ドイツ銀行は今週、米司法省に140億ドルの和解金を要求されたことが大ニュースになりました。これにより、同社の株式はおろか、債券市場や果ては日本の為替市場にまで、大きな変動を起こしました。しかしながら、この米司法省への和解金の可能性自体は既に知られていたことでした。また、多くの人にとっては同社CEOやドイツのメルケル首相が執拗に政府による資本救済の可能性すら否定していることは理解し難いことかと思います。

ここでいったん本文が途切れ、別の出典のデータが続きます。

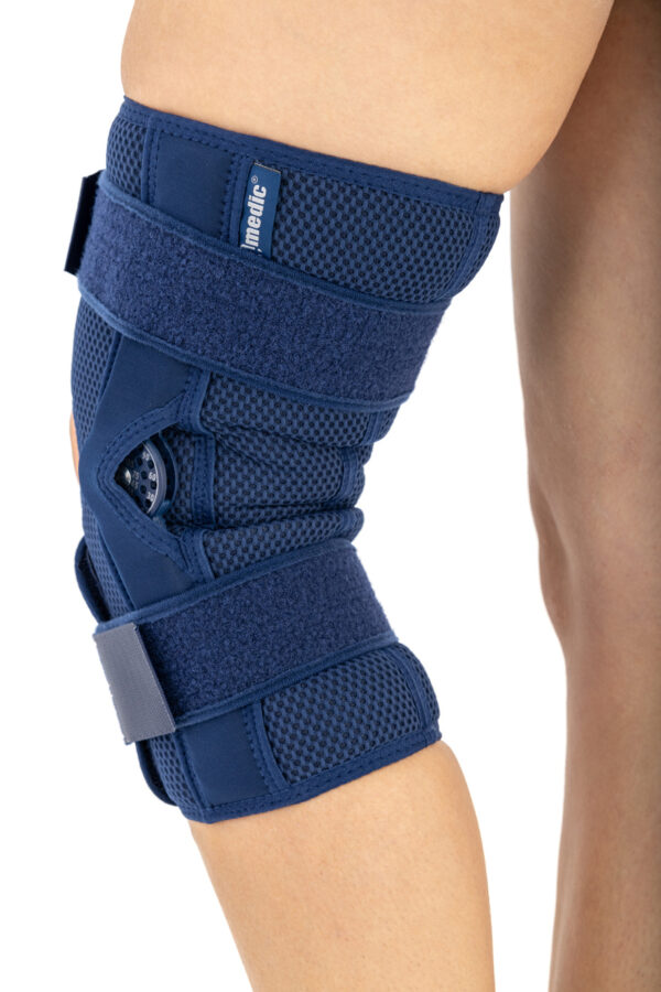 Otwarta orteza kolana z regulacją zakresu ruchu co 15° wyposażona jest w szyny węglowe z zegarami i systemem pasów VELCRO, zapewniając doskonałą stabilizację stawu. Układ szyn w kształcie litery X gwarantuje idealne dopasowanie, a perforowana konstrukcja poprawia wentylację. Produkt ułatwia rehabilitację i jest wygodny dla osób starszych i otyłych.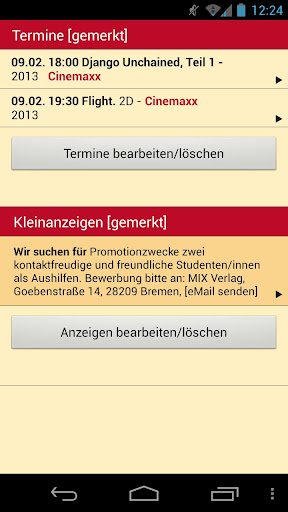 Haben Sie Lust auf ein wenig Flirten und/oder sind Sie auf »ernsthafter« Partnersuche? Dann blättern Sie fix durch die Kleinanzeigen, denn hier warten z.B. Singles bei den Kontaktanzeigen auf ein Dating. Vielleicht finden Sie auch den lang ersehnten Traumpartner, wer weiß das schon?! Oder stöbern Sie nach einem kuschelig-neuen Zuhause, »ein Klavier, ein Klavier«, einem Malkurs, einem neuen Job, oder, oder ... Bei den Anzeigen läuft es genauso komfortabel wie bei den Terminen - sobald z.B. eine Telefonnummer oder Website erkannt wird, gibt es die Möglichkeit der direkten Kontaktaufnahme. Bilder können hierfür vom Smartphone hochgeladen und mitgesendet werden. Interessante Kleinanzeigen können einfach in der App-Merkliste gespeichert sowie an gute Freunde weitergeleitet werden. Auch hier finden Sie eine komfortable Textsuche, falls Sie ein spezielles Inserat finden möchten.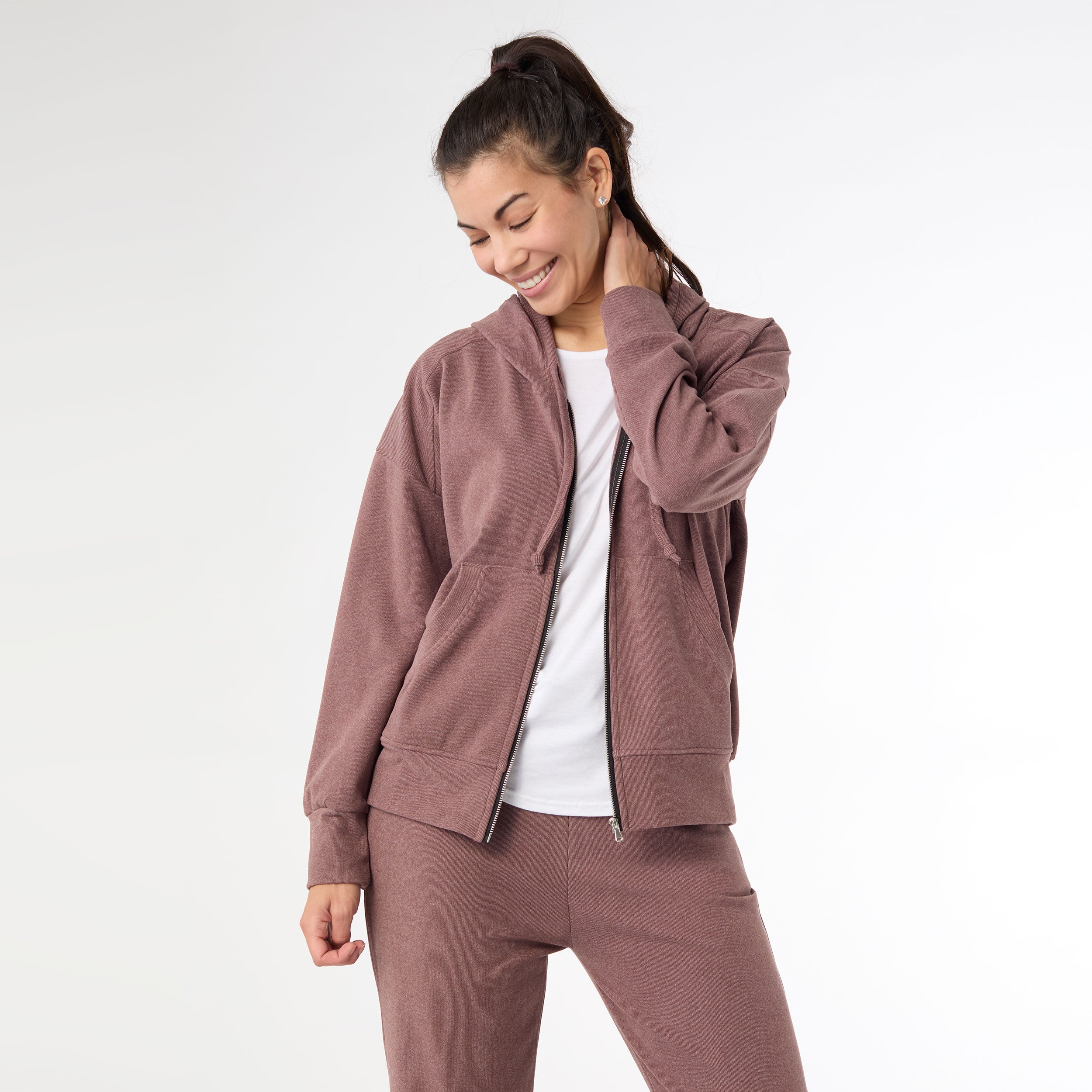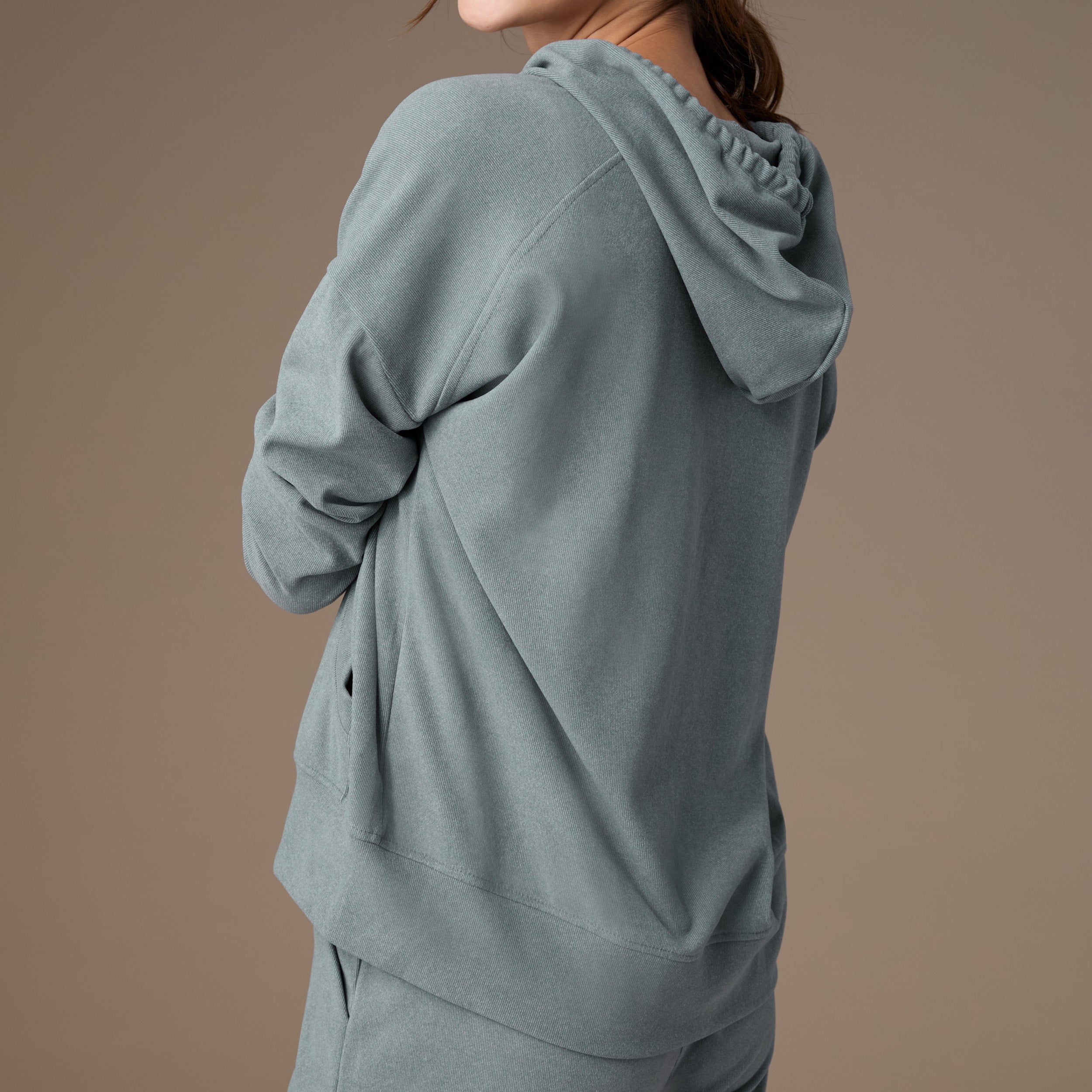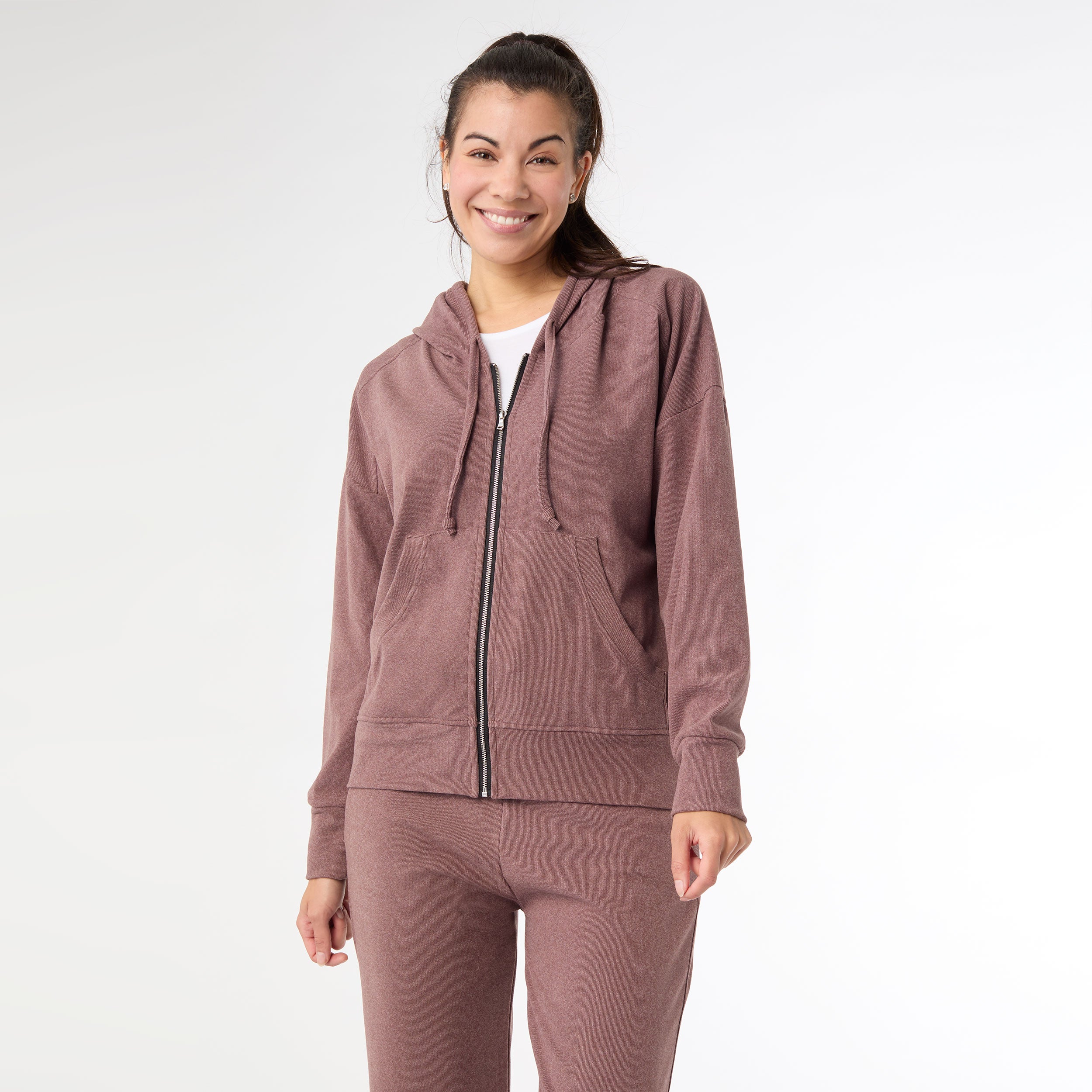 Slip into ultimate comfort with our Weekend Brushed Long Sleeve Full Zip Hoodie . Made from cozy, buttery soft fabric, this lightweight stretch top is perfect for all-day wear. It's the ideal blend of style and comfort.

私が見た中では、この記事が今回のドイツ銀行の問題について良く解説されています。
「死刑判決」を受けたドイツ銀行。1.4兆円では済まない絶望の訴訟リスト ー マネーボイスそう、ドイツ銀行の大型訴訟はサブプライムローンの違法販売だけに留まらないのです。
さらに、ドイツ銀行は60億ドル分の訴訟引当金を設定していますが、140億ドルの半分も請求されてしまえばオーバーしてしまいます。これらが簿外債務と市場に認識され、和解金が予測されていたにも関わらず、今回のドイチェショックに発展したのです。
その上問題をややこしくするのが、EUが法律で国家による銀行救済に対して課した「ベイルイン」という制度です。これによりドイツ政府は、ドイツ銀行の債権者や株主(または預金者)に損失を負担させなければ銀行に対して資本注入出来ないということになっています。
もし、ドイツ政府が資本救済をチラつかせた場合、増資による株価の下落だけでなく、「ベイルイン」が意識され、同社の関連市場は乱高下し、大混乱が発生することでしょう。よって、ドイツ銀行のCEOもメルケル首相も本当にその日が来るまで完全否定するしかないのです。
ちなみにこのEUのベイルイン制度ですが、EUでは2016年に鳴り物入りで始まったばかりです。ですが、既に株価や債券市場への混乱に繋がっているだけとの指摘もあります。
かつて、最先端と呼ばれたサブプライムローンが世界的なショックを引き起こした事を考えると、ドイツ銀行よりもこの「ベイルイン」に注目した方が正確な見方かもしれません。
追記:
米司法局との和解金が54億ドルになると一部報道で伝えられましたが、この額でも
おそらく追加引当金が必要になるでしょう。